Steve Carlisle - Steve first became interested in photography as a high school student, when he was a photographer for The St. Petersburg Times. After studies at the San Francisco Art Institute, Steve learned the ins and outs of a commercial printshop. While operating a computerized typesetter, he became fascinated with computers and their great applications to photography and printing. In the past few years, Steve has built a virtual laboratory of high-tech equipment which he is constantly upgrading. Steve organized the technology section for the 97' Southern Graphics Council, bringing in international experts and an Iris printer for demonstrations. Steve was also employed as a Research Fellow with Graphicstudio on the USF campus in 1997 & '98 and also co-chaired the 30th Anniversary Celebration of Graphicstudio in the fall of 1998. In 2001 Steve had his first solo show at the Merrick Gallery in St. Petersburg, Florida. His photograph of the Indian Teepee road sign is now part of the permanent collection of the Museum of Fine Arts in St. Petersburg, FL.

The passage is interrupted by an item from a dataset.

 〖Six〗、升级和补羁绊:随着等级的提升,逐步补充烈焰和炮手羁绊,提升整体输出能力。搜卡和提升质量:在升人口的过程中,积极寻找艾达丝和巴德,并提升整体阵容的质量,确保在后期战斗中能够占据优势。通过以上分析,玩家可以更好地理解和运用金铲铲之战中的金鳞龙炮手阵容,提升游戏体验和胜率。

Alison Wright - Alison is a freelance photojournalist specializing in documenting the traditions and changes of endangered cultures and people in remote areas around the world. She was the 1993 recipient of the Dorothea Lange Award for her photographs for child labor in Asia and lived with exiled Tibetans in Nepal and India for over a decade, recording their culture and challenges which exile has brought. Her first trip to Nepal was in 1988 on what she thought would be a month-long assignment photographing children for UNICEF. She was so captivated by the magic of Asia that she stayed for almost four years, and has continued to return there nearly every year since. Alison was drawn to the Tibetan settlements she encountered throughout India and Nepal. "After visiting Tibet a number of times and sadly realizing that since the Chinese occupation in the late 1940's, more of the culture exists outside of the country than in it, I felt compelled to document the Tibetan life in exile as it evolves and flourishes. While working on this project over the past decade I have constantly marveled at how the Tibetan people have opened up their homes and their hearts to me, confiding their experiences, their memories, their hopes and their fears as they began new lives for themselves in strange lands."

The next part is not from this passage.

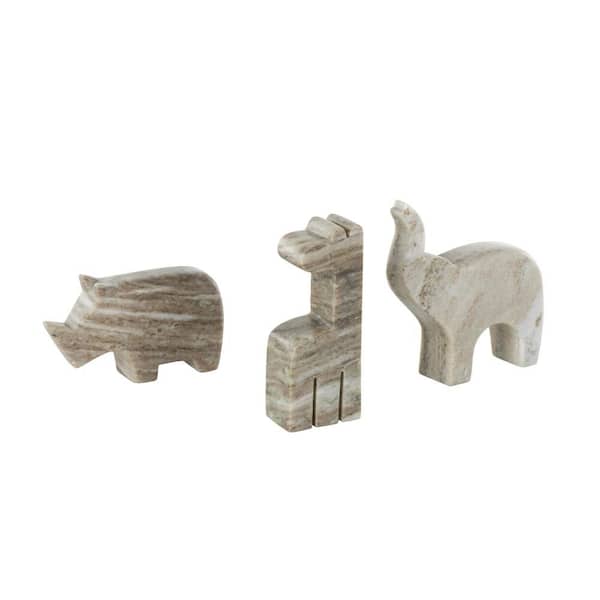 Multi Colored Marble Small Rounded Safari Animals Sculpture with Copper Accents (Set of 3)

A slide show/lecture as well as an exhibition of fifty color photographs and Iris prints of the exiled Tibetan communities is prepared for travel to museums and universities. She presently resides in San Francisco, California. Check out Alison's web site.

Everybody's Tabernacle - Digital artists Bonny Lhotka, Dorothy Simpson Krause, and Steve Carlisle shared creative inspiration, materials, and the latest in modern technology to produce more than 50 prints - in a week - using IRIS printers and substrates ranging from house-painters' drop cloths to fine art papers.

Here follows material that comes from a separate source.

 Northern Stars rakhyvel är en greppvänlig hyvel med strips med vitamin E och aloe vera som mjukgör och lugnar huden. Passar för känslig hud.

Jerry Uelsmann - Jerry was born in Detroit on June 11,1934 and received his B.F.A. degree at the Rochester Institute of Technology in 1957 and his M.S. and M.F.A. at Indiana University in 1960. He began teaching photography at the University of Florida in Gainesville in 1960. He has been graduate research professor of art at the University since 1974.

Uelsmann received a Guggenheim Fellowship in 1967 and a National Endowment for the Arts Fellowship in 1972. He is a Fellow of the Royal Photographic Society of Great Britain, a founding member of the American Society for Photographic Education, and a trustee of the Friends of Photography.

Uelsmann's work has been exhibited in more than 100 individual shows in the United States and abroad over the past thirty years. His photographs are in the permanent collections of many museums worldwide, including the Metropolitan Museum and the Museum of Modern Art in New York, the Chicago Art Institute, the International Museum of Photography at the George Eastman House, the Victoria and Albert Museum in London, the Bibliotheque National in Paris, the National Museum of American Art in Washington, the Moderna Museet in Stockholm, the National Gallery of Canada, the National Gallery of Australia, the Museum of Fine Arts in Boston, the National Galleries of Scotland, the Center for Creative Photography at the University of Arizona, the Tokyo Metropolitan Museum of Photography, and the National Museum of Modern Art in Kyoto.